▶ **ASSIGNMENT**:
Without copying any picture, transcribe exactly the lines of the data below from the one containing "برعاية الفنانة الدكتورة" through the one containing "RICABO pendant light".

═══ SOURCE MATERIAL

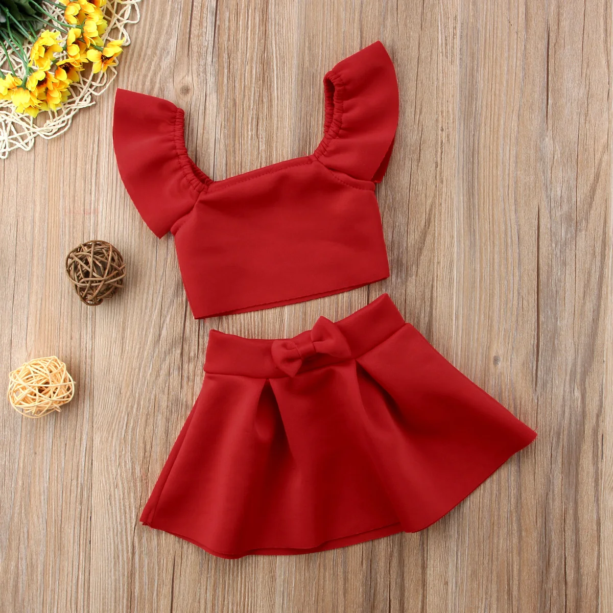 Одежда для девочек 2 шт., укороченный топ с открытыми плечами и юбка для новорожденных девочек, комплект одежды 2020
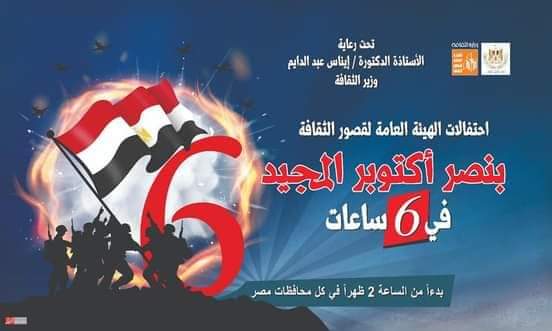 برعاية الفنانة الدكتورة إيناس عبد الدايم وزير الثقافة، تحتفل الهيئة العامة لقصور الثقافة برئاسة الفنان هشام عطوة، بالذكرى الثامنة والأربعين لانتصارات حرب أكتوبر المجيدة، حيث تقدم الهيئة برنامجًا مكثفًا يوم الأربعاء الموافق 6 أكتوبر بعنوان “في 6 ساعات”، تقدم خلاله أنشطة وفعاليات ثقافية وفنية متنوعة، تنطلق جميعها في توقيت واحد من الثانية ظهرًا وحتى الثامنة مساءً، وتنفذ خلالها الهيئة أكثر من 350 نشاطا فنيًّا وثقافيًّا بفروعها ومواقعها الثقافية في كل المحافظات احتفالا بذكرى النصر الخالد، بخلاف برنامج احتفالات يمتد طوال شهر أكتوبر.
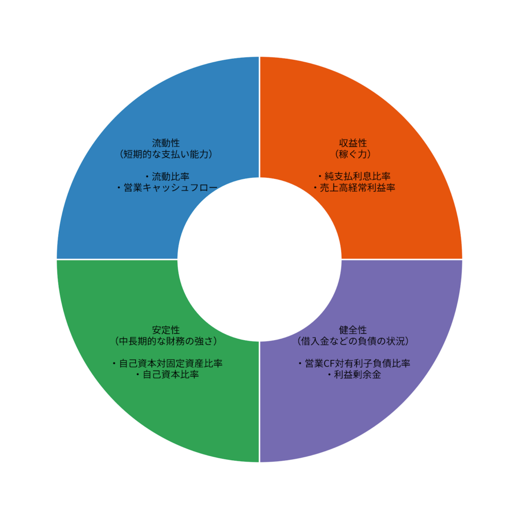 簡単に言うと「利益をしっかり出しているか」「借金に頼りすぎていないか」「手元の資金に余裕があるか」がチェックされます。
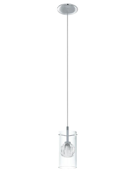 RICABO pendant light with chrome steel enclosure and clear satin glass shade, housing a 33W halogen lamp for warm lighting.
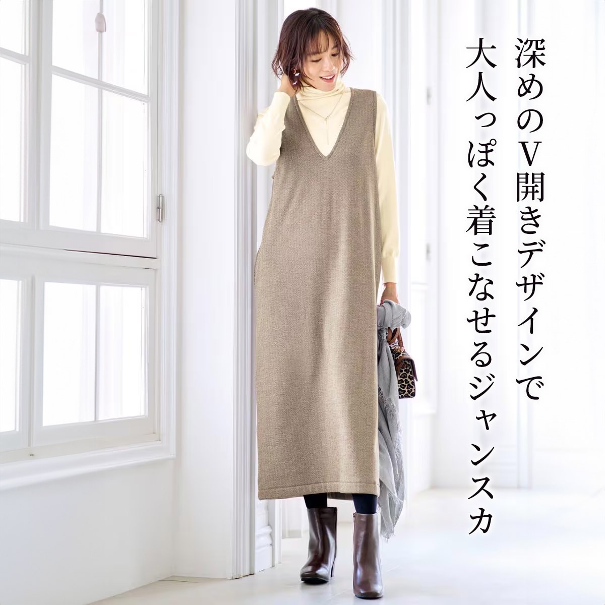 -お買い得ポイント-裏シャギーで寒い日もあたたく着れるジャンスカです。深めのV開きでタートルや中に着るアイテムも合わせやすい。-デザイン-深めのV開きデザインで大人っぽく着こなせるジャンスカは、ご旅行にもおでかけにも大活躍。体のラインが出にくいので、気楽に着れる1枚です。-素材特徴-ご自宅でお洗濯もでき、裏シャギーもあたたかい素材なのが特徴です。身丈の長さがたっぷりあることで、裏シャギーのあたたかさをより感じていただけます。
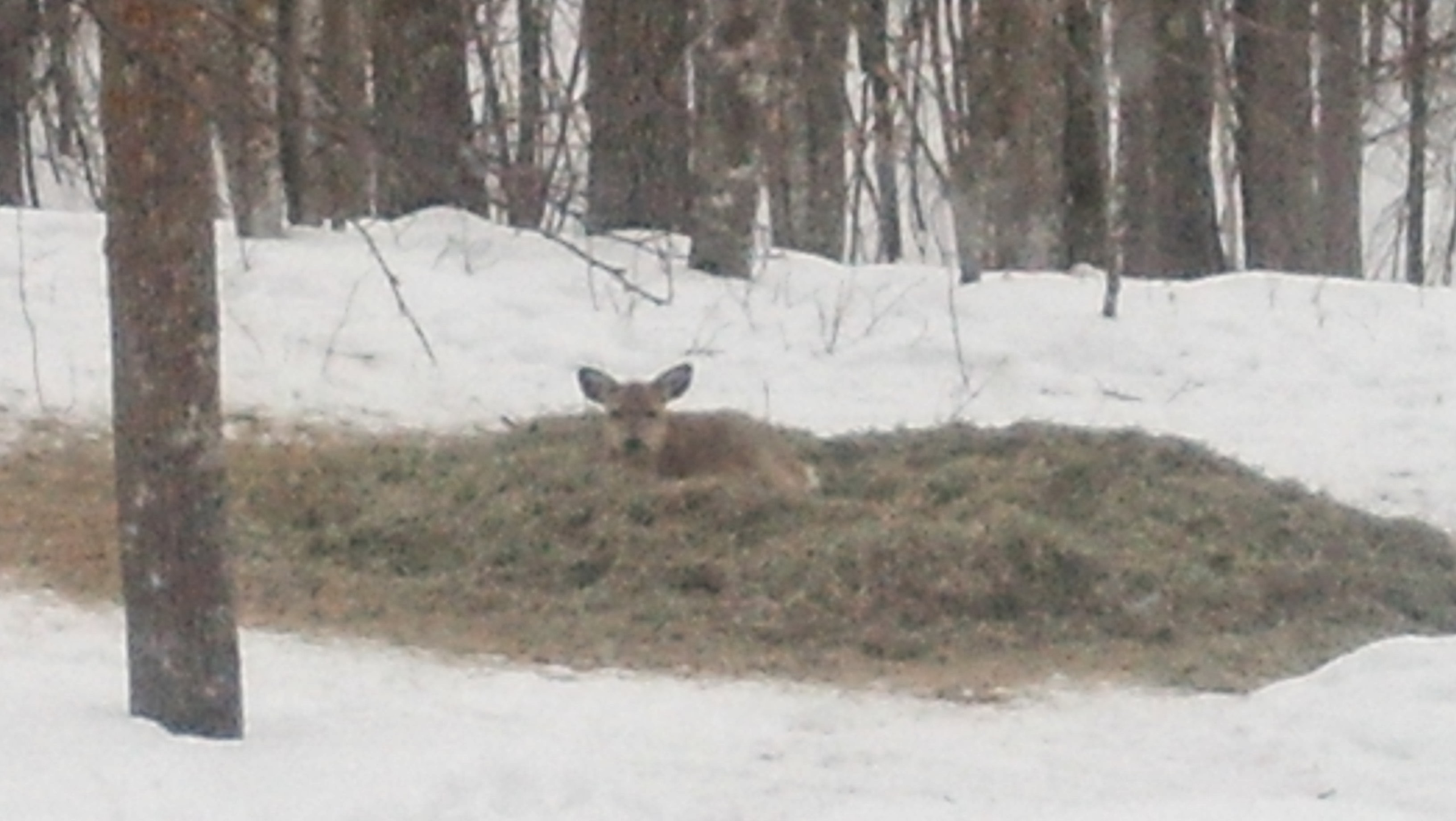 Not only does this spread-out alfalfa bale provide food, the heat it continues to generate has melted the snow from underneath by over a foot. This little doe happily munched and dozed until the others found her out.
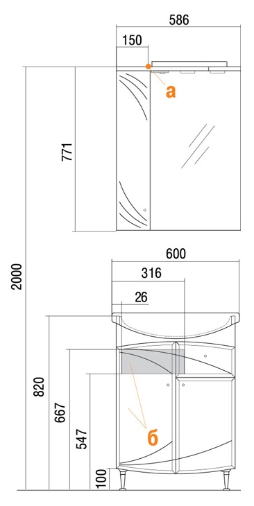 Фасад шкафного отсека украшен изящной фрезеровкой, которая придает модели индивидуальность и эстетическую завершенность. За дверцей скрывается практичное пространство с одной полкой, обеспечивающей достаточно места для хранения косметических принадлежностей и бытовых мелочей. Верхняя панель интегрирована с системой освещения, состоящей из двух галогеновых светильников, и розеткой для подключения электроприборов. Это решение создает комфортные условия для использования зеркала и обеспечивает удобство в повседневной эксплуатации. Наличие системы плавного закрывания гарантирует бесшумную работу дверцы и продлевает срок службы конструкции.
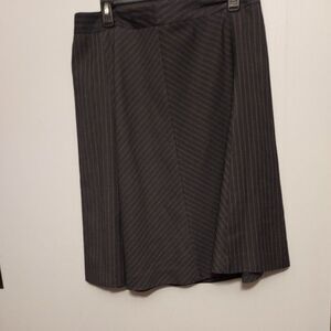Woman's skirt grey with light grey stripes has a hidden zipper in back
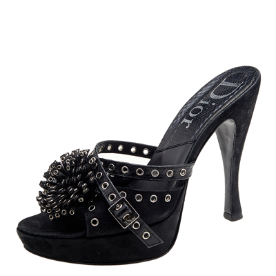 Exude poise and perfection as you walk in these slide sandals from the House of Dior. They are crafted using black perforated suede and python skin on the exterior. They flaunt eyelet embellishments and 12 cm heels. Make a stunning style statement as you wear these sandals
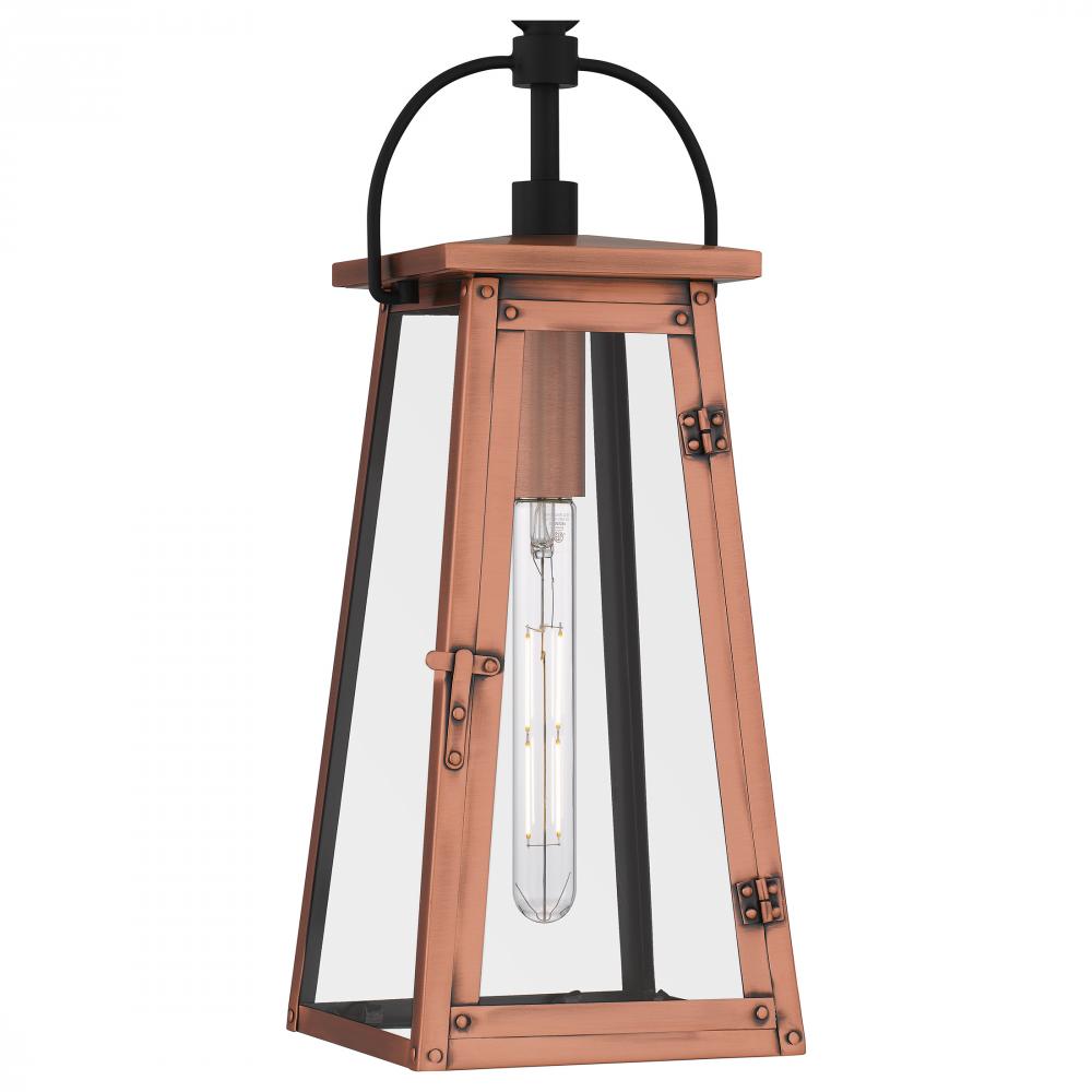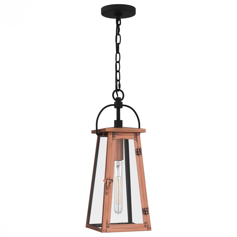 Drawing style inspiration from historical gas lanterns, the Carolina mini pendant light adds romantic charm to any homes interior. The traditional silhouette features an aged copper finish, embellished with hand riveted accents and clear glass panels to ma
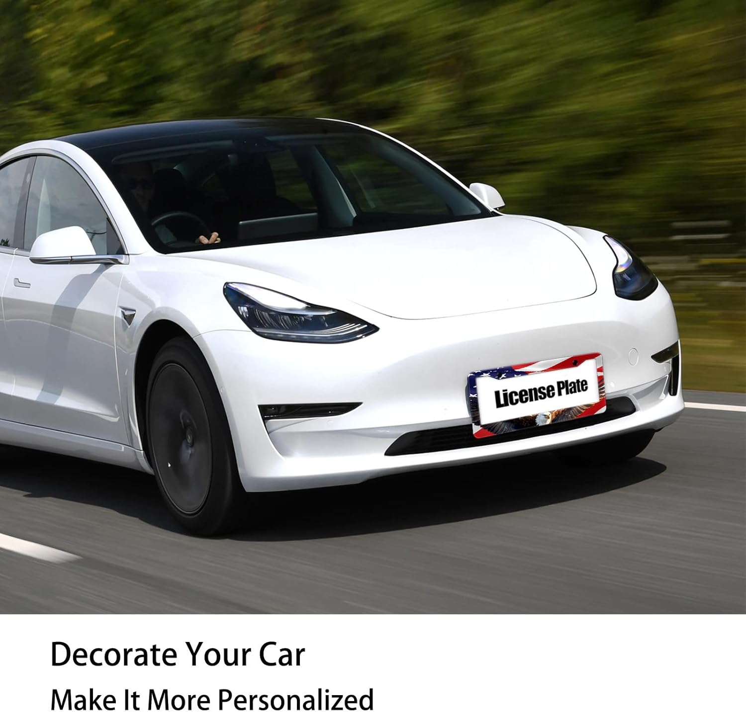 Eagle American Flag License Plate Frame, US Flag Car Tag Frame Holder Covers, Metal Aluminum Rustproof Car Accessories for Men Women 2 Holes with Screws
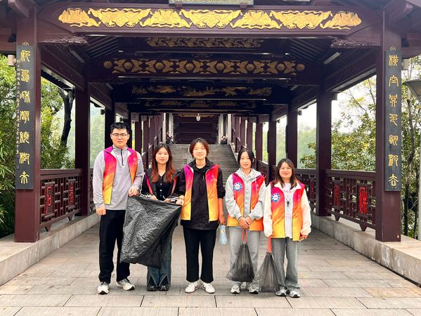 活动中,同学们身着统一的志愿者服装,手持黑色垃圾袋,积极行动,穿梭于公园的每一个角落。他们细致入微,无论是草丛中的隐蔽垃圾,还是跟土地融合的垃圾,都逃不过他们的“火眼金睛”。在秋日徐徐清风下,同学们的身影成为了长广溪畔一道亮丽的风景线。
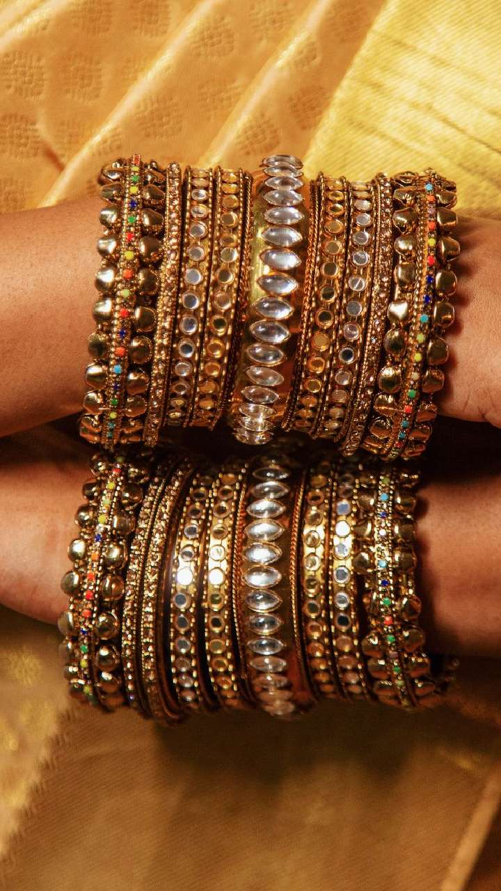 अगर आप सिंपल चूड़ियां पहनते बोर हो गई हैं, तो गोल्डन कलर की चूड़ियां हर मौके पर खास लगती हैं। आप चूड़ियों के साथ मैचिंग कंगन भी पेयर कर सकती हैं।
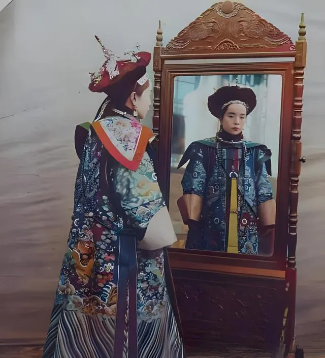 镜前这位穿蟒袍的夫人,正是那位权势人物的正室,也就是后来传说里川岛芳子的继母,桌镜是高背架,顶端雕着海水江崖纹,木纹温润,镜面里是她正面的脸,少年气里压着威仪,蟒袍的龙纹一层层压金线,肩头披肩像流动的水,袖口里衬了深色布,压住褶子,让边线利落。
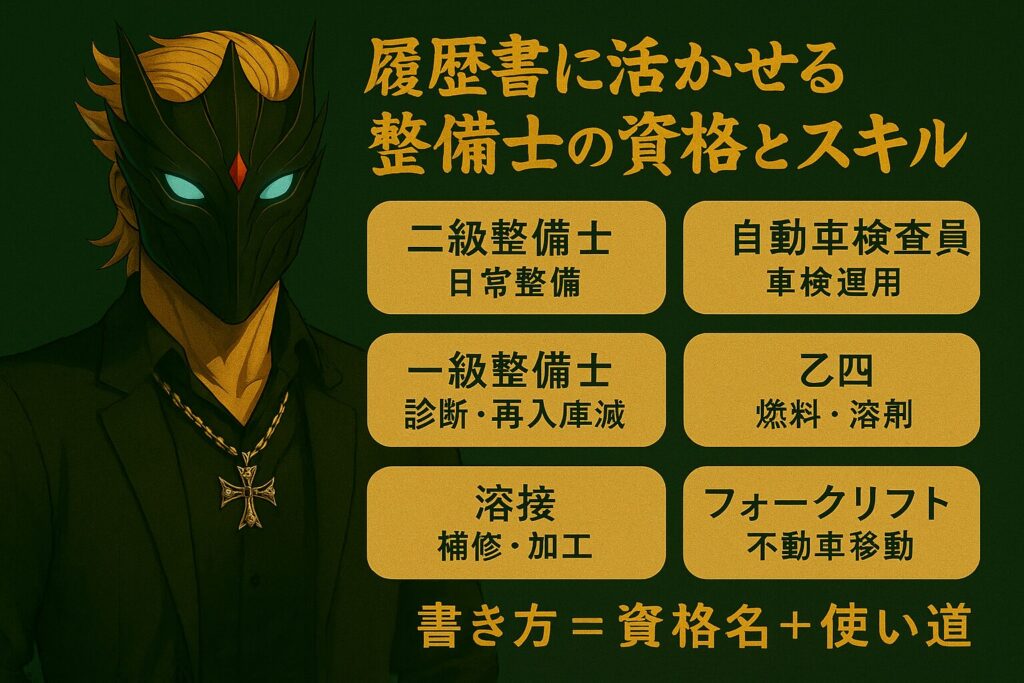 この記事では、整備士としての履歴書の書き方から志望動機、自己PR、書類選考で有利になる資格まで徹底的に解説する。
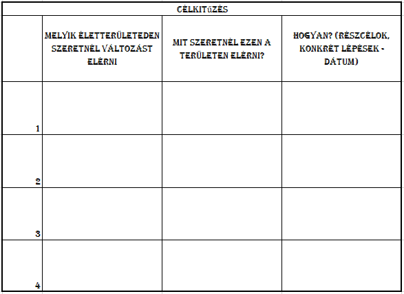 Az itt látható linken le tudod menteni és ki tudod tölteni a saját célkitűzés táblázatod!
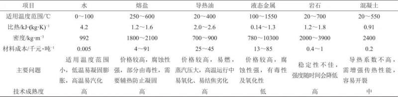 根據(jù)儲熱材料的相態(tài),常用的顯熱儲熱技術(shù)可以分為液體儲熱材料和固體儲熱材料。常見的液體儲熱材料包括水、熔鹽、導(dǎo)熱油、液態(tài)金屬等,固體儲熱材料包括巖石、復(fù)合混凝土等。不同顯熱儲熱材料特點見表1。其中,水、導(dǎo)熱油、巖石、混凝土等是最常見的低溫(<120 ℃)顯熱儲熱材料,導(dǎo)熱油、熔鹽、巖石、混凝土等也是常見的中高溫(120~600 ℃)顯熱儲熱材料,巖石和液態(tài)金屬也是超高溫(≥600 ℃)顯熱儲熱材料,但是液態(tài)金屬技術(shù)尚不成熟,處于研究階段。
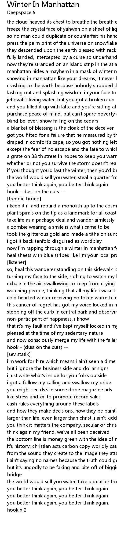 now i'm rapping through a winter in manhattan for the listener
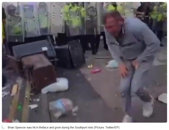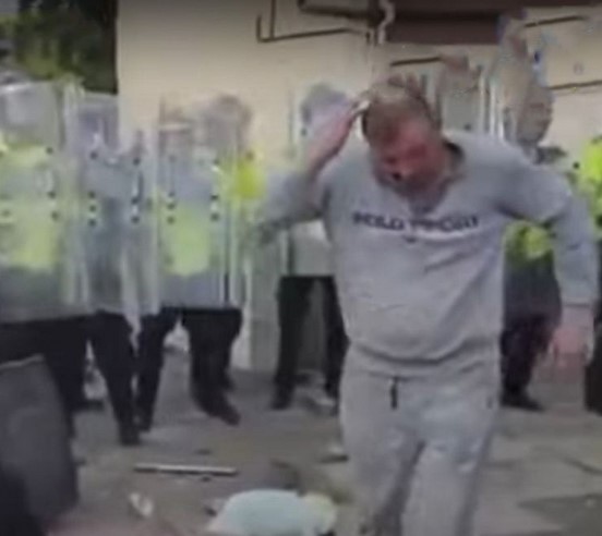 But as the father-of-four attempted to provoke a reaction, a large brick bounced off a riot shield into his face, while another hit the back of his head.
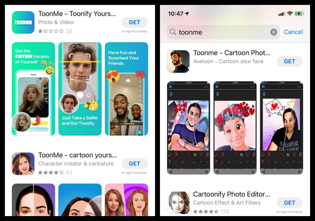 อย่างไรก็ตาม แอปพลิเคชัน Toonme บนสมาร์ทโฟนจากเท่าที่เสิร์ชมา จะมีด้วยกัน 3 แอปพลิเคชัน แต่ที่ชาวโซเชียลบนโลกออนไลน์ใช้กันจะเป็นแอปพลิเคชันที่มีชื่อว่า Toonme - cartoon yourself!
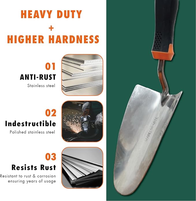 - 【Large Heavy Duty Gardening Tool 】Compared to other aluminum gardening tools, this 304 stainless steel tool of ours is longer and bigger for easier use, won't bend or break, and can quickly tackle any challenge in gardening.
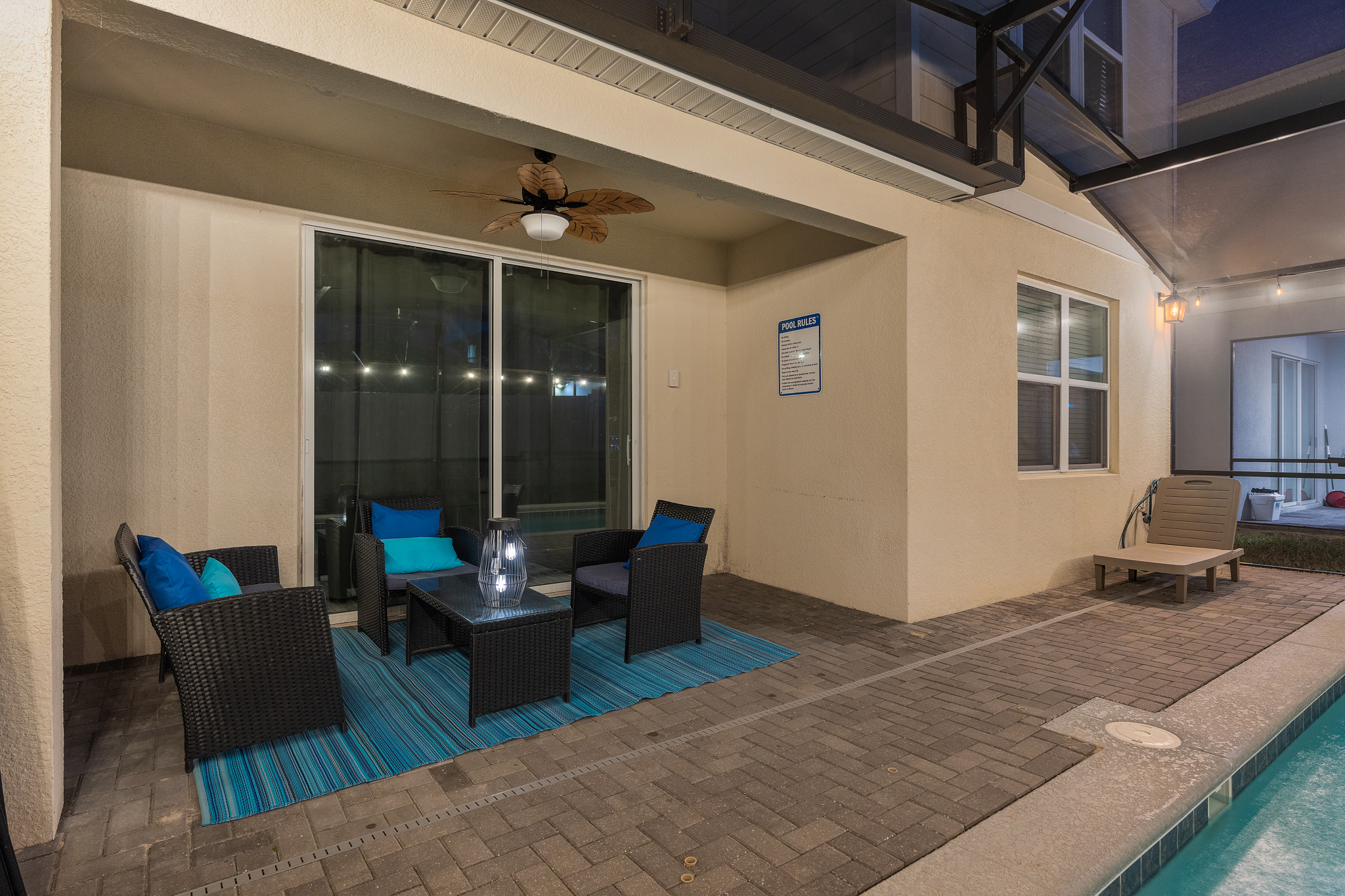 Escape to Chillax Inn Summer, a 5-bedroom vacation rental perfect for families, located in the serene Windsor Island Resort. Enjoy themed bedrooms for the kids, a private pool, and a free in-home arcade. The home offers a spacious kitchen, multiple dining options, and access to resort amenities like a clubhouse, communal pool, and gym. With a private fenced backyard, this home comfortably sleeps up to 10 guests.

══════

▶ **REPLY TO THE TASK**:
 برعاية الفنانة الدكتورة إيناس عبد الدايم وزير الثقافة، تحتفل الهيئة العامة لقصور الثقافة برئاسة الفنان هشام عطوة، بالذكرى الثامنة والأربعين لانتصارات حرب أكتوبر المجيدة، حيث تقدم الهيئة برنامجًا مكثفًا يوم الأربعاء الموافق 6 أكتوبر بعنوان “في 6 ساعات”، تقدم خلاله أنشطة وفعاليات ثقافية وفنية متنوعة، تنطلق جميعها في توقيت واحد من الثانية ظهرًا وحتى الثامنة مساءً، وتنفذ خلالها الهيئة أكثر من 350 نشاطا فنيًّا وثقافيًّا بفروعها ومواقعها الثقافية في كل المحافظات احتفالا بذكرى النصر الخالد، بخلاف برنامج احتفالات يمتد طوال شهر أكتوبر.
 簡単に言うと「利益をしっかり出しているか」「借金に頼りすぎていないか」「手元の資金に余裕があるか」がチェックされます。
 RICABO pendant light with chrome steel enclosure and clear satin glass shade, housing a 33W halogen lamp for warm lighting.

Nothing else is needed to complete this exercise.